20XX/○○/○○ 迷宮の日
梅田地下廃棄街で、女の子を見つけた。私よりも小さくて、どこか舌ったらず。……レムちゃんのことを思い出して、少し胸が痛んだけど、それは仕舞っておく。ともかく、保護者も兼ねるサーヴァントと、複雑な構造のせいではぐれてしまったのだという。
「神戸」難民でここに暮らしている人なら迷うことはないだろうから、多分、そもそもここにきたこと自体が何かの間違いだったんだろう。すぐに、都市情報網での迷子情報を探しつつ、地上に連れて行くことにした。
見た目は弄っていないというから、多分年齢は12歳前後。それくらいの女の子の迷子の情報を、と思って調べていたけど、どうにも見つからない。
本人曰く、「梅田」の都市戦争サテライト施設で待ち合わせの予定だった、というから、取り敢えずそっちに連れて行くことにした。んだけど。

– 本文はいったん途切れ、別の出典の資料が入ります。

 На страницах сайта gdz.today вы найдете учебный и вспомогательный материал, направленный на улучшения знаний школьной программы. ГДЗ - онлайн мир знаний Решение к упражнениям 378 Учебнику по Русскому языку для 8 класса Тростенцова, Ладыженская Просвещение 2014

何故か、施設に近づくに連れて人がどんどん増えてきて、女の子に対する目線も多くなっていって。嫌な予感もしたから、近くまで送り届けたら帰ろうとしていた。そしたら、彼女のサーヴァントだという男の人が、丁度そこにいた。
……気づかなかった。その姿は、「梅田」都市軍の中継映像で見るそれとよく似ている。フェリドゥーン。シャー・ナーメの大英雄。邪竜を滅ぼしたもの。でも、確か前に見た時は、その姿は女性のものだったような。

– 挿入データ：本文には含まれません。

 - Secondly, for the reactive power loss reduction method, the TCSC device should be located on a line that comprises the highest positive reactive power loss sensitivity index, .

疑問符を浮かべながらも、女の子の名前を聞いたらもっと混乱した。ティールって、それも都市軍の選手の一人だったはずだ。でも、こんなに小さい子じゃなくて、私よりも大きな女性だったはずなのに。
私が混乱する中、ひとまずお礼を言って、ティールちゃん……さん? は、フェリドゥーンさんと一緒に立ち去った。結局、詳しいことはそのまま聞けずに終わってしまったんだけど、後から都市情報網で調べ直してみたら、意味がわかった。

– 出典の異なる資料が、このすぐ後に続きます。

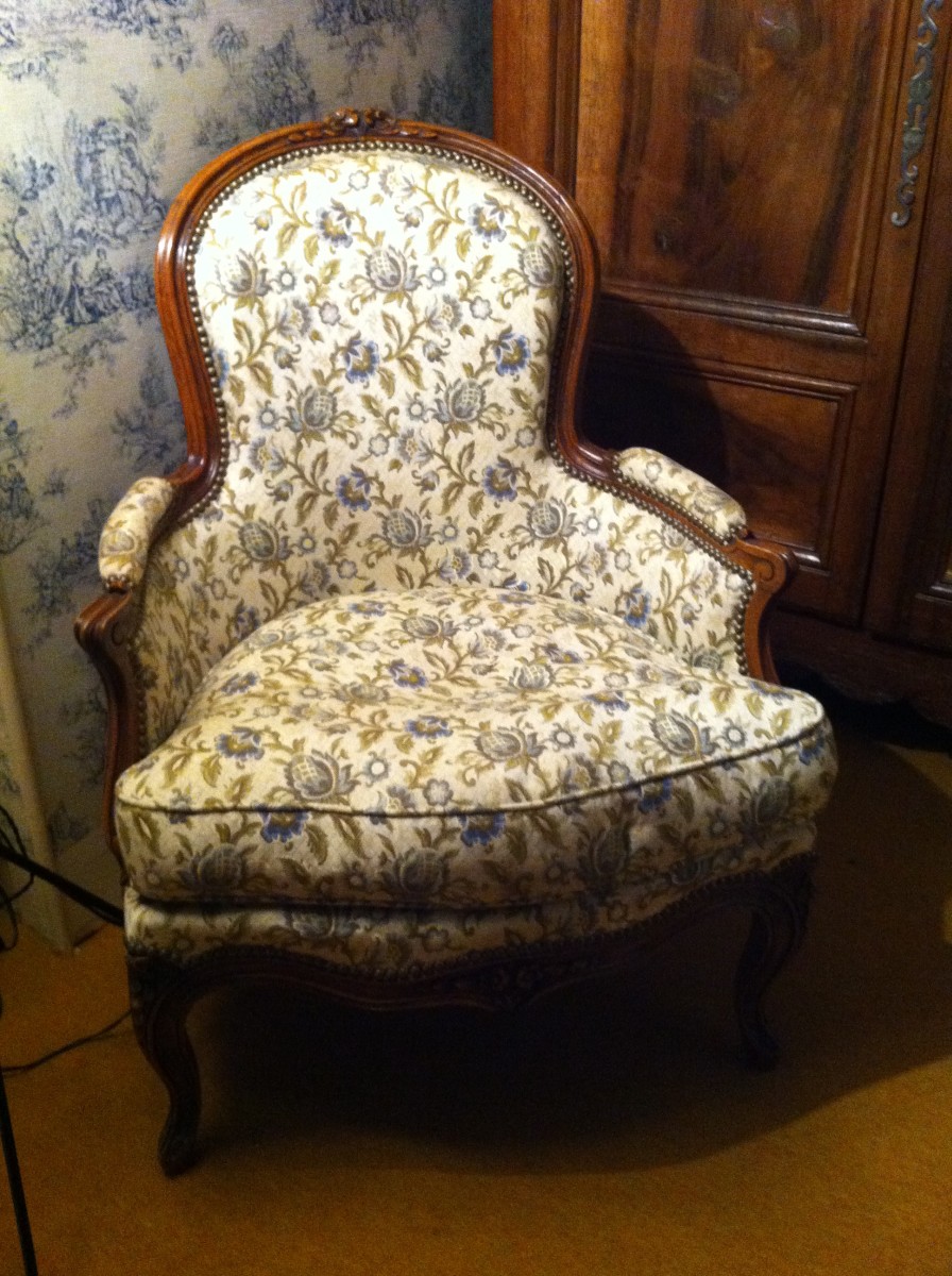 BERGÈRE en bois naturel sculpté. Style Louis XV.

ティールさんは、サーヴァントを憑依させて戦っている。私がフェリドゥーンさんと、あるいはティールさんと思っていたのは、サーヴァントを憑依一体化して肉体を変化させたティールさんの姿だったんだ。
……確かに本来の姿はあの小さな姿なのかもしれないけど、それならそうと早く言ってほしかった。結構必死に探したけど、何もヒントもなかったし。
あと、14歳ってプロフィールに出てきたけど。……本当の姿があんな状態だっていうのは、ちょっと心配かもしれない。